**ACTIVITY**
The expected response is the complete listing below, restated exactly, with its pictures omitted.

**SUPPLIED MATERIAL**
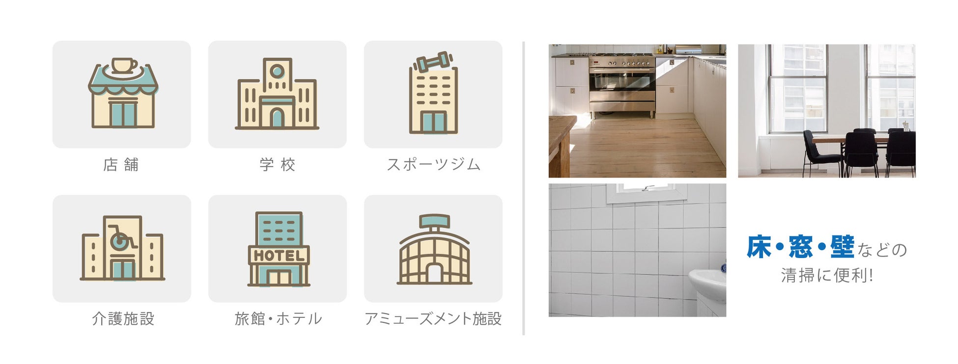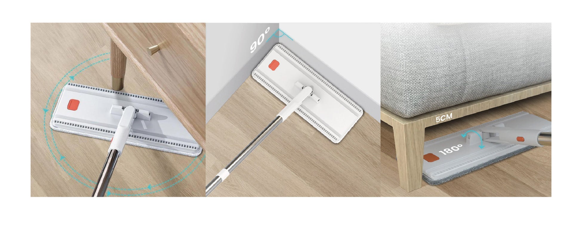 専用モップは前後・左右180度可動のフレキシブルヘッドので狭い隙間なども楽に清掃が可能のです。
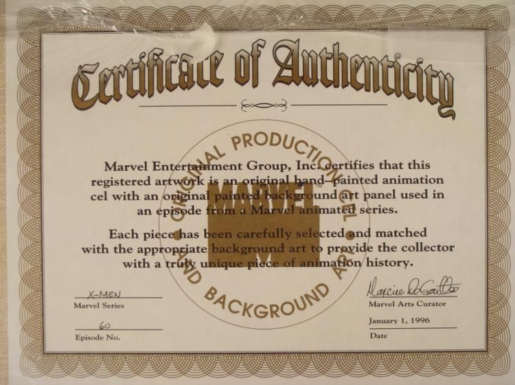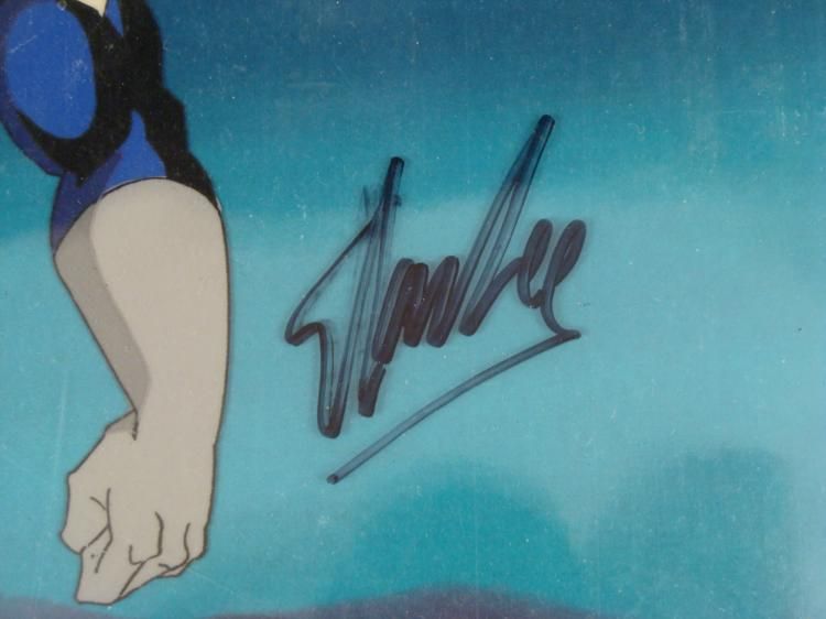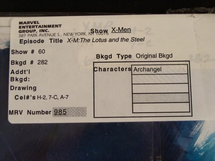 This is an original signed production cel and background from the hit series X-Men. Stan Lee signature is located on the right of cel in black sharpie. * Under a cloud of increasing anti-mutant sentiment, Professor Xavier creates a haven at his Westchester mansion to train young mutants to use their powers for the benefit of humanity, and to prove mutants can be heroes. Xavier recruited Cyclops, Iceman, Angel, Beast and Jean Grey calling them "X-Men" because they possessed the "x-gene", an ability normal humans lacked. Early issues introduced the team's arch enemy, Magneto and his Brotherhood of Evil Mutants, who would later battle the X-Men for years. * Archangel has awesome wings * * Original Animated Cel & Production BackgroundMedium: Hand painted acetate celDetails: Animation notations and peg holes * Overall Size of the Cel: 10 1/2" x 12 1/2" Overall Size of the background: 10 1/2" x 14 3/4" Excellent Condition This is an original hand-painted cel set-up used in the production of an episode of X-Men titled "The Lotus and the Steel." Each one-of-a-kind set-up represents a slight change in position of the characters. When individually photographed and projected in rapid succession, the images appear to move. * To create production cels, the original animator's drawing is transferred onto an acetate cel (by hand-inking and/or photo copying). The cel is then hand-painted on the reverse side. The background accompanying this set-up is an original production background. * The cel and original background is ready to be matted and framed. The cel has multiple layers. The animators notations are located at the bottom of the cel and background. A Certificate of Authenticity from Marvel is on the back of background. The Marvel Seal is located at the top right of the cel. The cel and background are in a protective sleeve. An information card about the episode is located at the top right of the protective sleeve. *
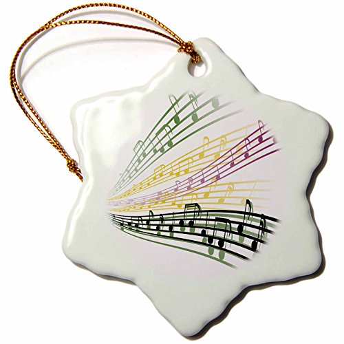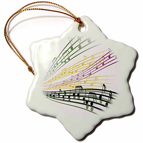 3dRose orn_115364_1 Colorful Musical Notes Musician Music Lover Design-Snowflake Ornament, Porcelain, 3-Inch
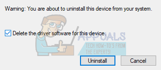 - A warning might flash in front of your screen asking you to confirm your actions. Click “Uninstall” and make sure you check the option “Delete the driver software for this device”.

**FINISHED TASK**
 専用モップは前後・左右180度可動のフレキシブルヘッドので狭い隙間なども楽に清掃が可能のです。
 This is an original signed production cel and background from the hit series X-Men. Stan Lee signature is located on the right of cel in black sharpie. * Under a cloud of increasing anti-mutant sentiment, Professor Xavier creates a haven at his Westchester mansion to train young mutants to use their powers for the benefit of humanity, and to prove mutants can be heroes. Xavier recruited Cyclops, Iceman, Angel, Beast and Jean Grey calling them "X-Men" because they possessed the "x-gene", an ability normal humans lacked. Early issues introduced the team's arch enemy, Magneto and his Brotherhood of Evil Mutants, who would later battle the X-Men for years. * Archangel has awesome wings * * Original Animated Cel & Production BackgroundMedium: Hand painted acetate celDetails: Animation notations and peg holes * Overall Size of the Cel: 10 1/2" x 12 1/2" Overall Size of the background: 10 1/2" x 14 3/4" Excellent Condition This is an original hand-painted cel set-up used in the production of an episode of X-Men titled "The Lotus and the Steel." Each one-of-a-kind set-up represents a slight change in position of the characters. When individually photographed and projected in rapid succession, the images appear to move. * To create production cels, the original animator's drawing is transferred onto an acetate cel (by hand-inking and/or photo copying). The cel is then hand-painted on the reverse side. The background accompanying this set-up is an original production background. * The cel and original background is ready to be matted and framed. The cel has multiple layers. The animators notations are located at the bottom of the cel and background. A Certificate of Authenticity from Marvel is on the back of background. The Marvel Seal is located at the top right of the cel. The cel and background are in a protective sleeve. An information card about the episode is located at the top right of the protective sleeve. *
 3dRose orn_115364_1 Colorful Musical Notes Musician Music Lover Design-Snowflake Ornament, Porcelain, 3-Inch
 - A warning might flash in front of your screen asking you to confirm your actions. Click “Uninstall” and make sure you check the option “Delete the driver software for this device”.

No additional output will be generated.